With three branches in central Pennsylvania, First Capitol has lent more than $50 million to local small businesses -- 15 percent of which are headed by women or minorities. Their loan default rate is a meager 1.5 percent. By contrast, the default rate on SBA loans in the area is 6.2 percent. The SBA default rate nationwide is even higher.

First Capitol's clients include high-tech startups, construction companies, retail franchises, and mom-and-pop grocers. They write business plans for their clients and meet with the entrepreneurs monthly, if not weekly. All this made First Capitol the fastest-growing bank in the region, boosting assets 16-fold from $5 million to more than $90 million in just eight years.

And First Capitol does it without allowing the SBA or any government agency to guarantee its loans. "Why should we?" asks Tom Capello, First Capitol's president. "We pick winners."

Since the bank was founded in 1988, it has specialized in loans to small business start-ups. When Thom Anstadt showed up on First Capitol's doorstep with a proposal for his Colorgraphics Inc., a high-quality color printing firm, he had been turned down for a loan by countless banks. The reason: According to Anstadt's own proposal, Colorgraphics would lose money for at least one-and-a-half years because of its high start-up costs. Most scoffed. It was a loan, some bankers said, that the SBA would never guarantee.

But First Capitol did. The now-profitable printing firm has 22 employees and $2 million in yearly revenues. It not only has met every loan payment, but it has borrowed three additional times to expand. Anstadt's story is typical of First Capitol. York, according to a top city official, is having "a small-business renaissance because of that bank." How does First Capitol do it? By counting on character.

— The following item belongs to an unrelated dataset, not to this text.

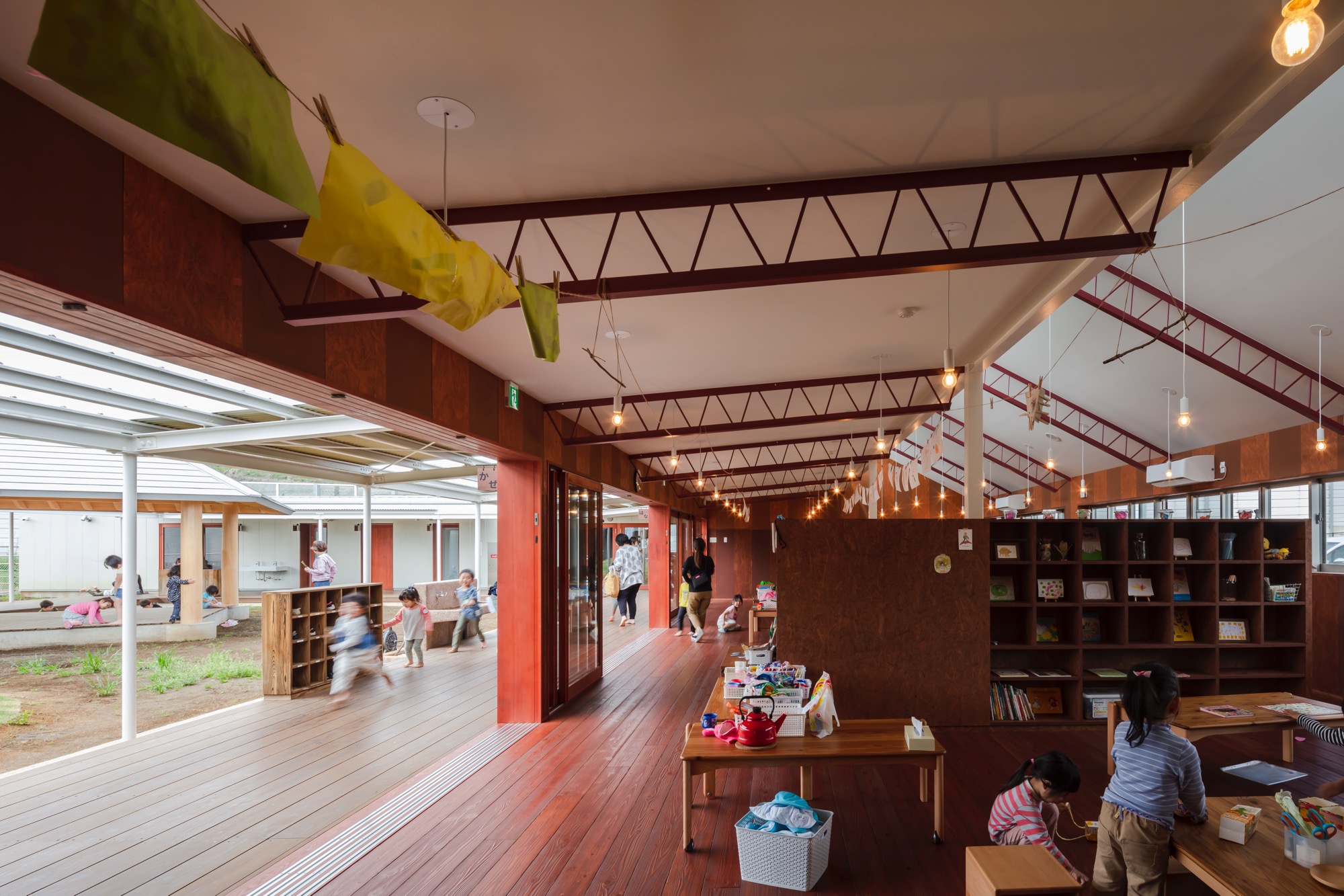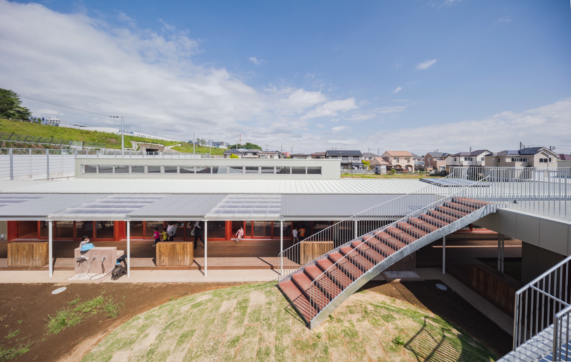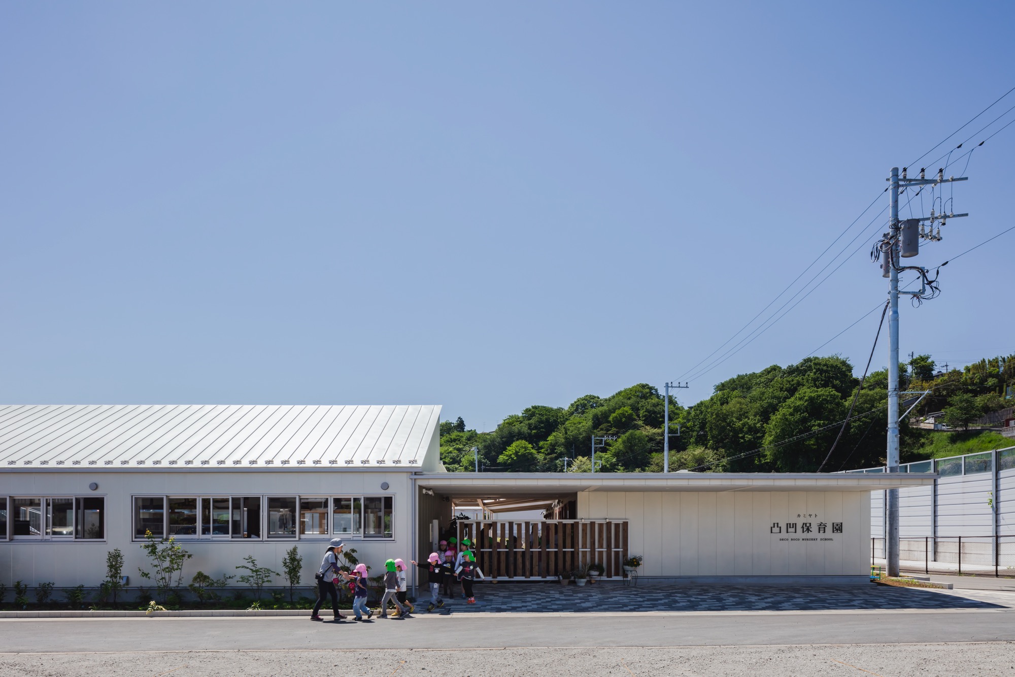 카미야토 울퉁불퉁 보육원은 보육 시설과 장애아동을 위한 탁아시설의 조합으로 계획되었다. 부지에는 가람 배치가 넓게 사용되었으며, 부지와 매스를 따라 정사각형 모양의 갤러리가 내부와 외부에 배치되어 두 정원 사이에 다양한 거리를 생성한다. 각 보육실에는 높은 창, 반 야외 공간 및 정원이 있는 박공구조의 볼륨이 있다. 이러한 교차는 공간의 규모와 빛, 바람, 비와 같은 자연 현상과의 조화 및 다른 연령과의 거리의 지속적인 변화를 통해 서로 다른 환경을 생성한다.

Unlike other banks, First Capitol doesn't get Washington to guarantee its loans. At other banks, if the small business fails, most of the lost money is reimbursed by government. These banks make money just by making loans. First Capitol only makes money if the start-ups succeed. And First Capitol has found the best way to determine if a business will succeed is to evaluate the owner's honor. While his competitors talk about the "two C's" of lending (credit and collateral), Capello has added another: "The first 'C' is character."

To this end, Tom Sauer, the bank's chief loan officer, personally reviews each application. He and his staff spend hours talking with each applicant about their business. He even meets with their families to make sure they'll have the necessary emotional support.

Most important, Sauer was not trained as a banker. Before coming to First Capitol, he had managed a local munitions factory. Although Sauer modestly says his background ensures he "won't bump into the machines" when he tours businesses, it also means he understands them. "The other [banks] I applied to just looked at my numbers," says a local grocer who got a loan from First Capitol. "That doesn't tell them much. [Sauer] would smell the fruit to make sure it was fresh. He walked the aisles. He knows what I'm about."

Ultimately, each loan applicant also meets with Capello. First Capitol has found that by letting even the smallest applicants meet with the bank's president strengthens their commitment to meeting the payments.

It works. Since March 1994, more than three-fourths of the bank's loans have gone to small businesses. In that same period, the bank's stock has risen more than 60 percent. And, the trend is upward: Profits in the third quarter were the best ever -- 48 percent better than 1995.

First Capitol thrives, not in spite of their SBA-free policy, but because of it. The rigidity, paperwork and snail's pace of SBA's textbook loans often invite failure in the real world. At First Capitol, flexibility and emphasis on character rather than business experience pays off. Even President Clinton has conceded that the SBA is holding small business back. Small businesses, he said, needed less paperwork and less regulation to thrive.

Banks like First Capitol prove small businesses can get what they need, without the SBA's help, in the private sector.

This essay by Stephen Glass is adapted from his article in the current issue of the Heritage Foundation's magazine Policy Review: The Journal of American Citizenship.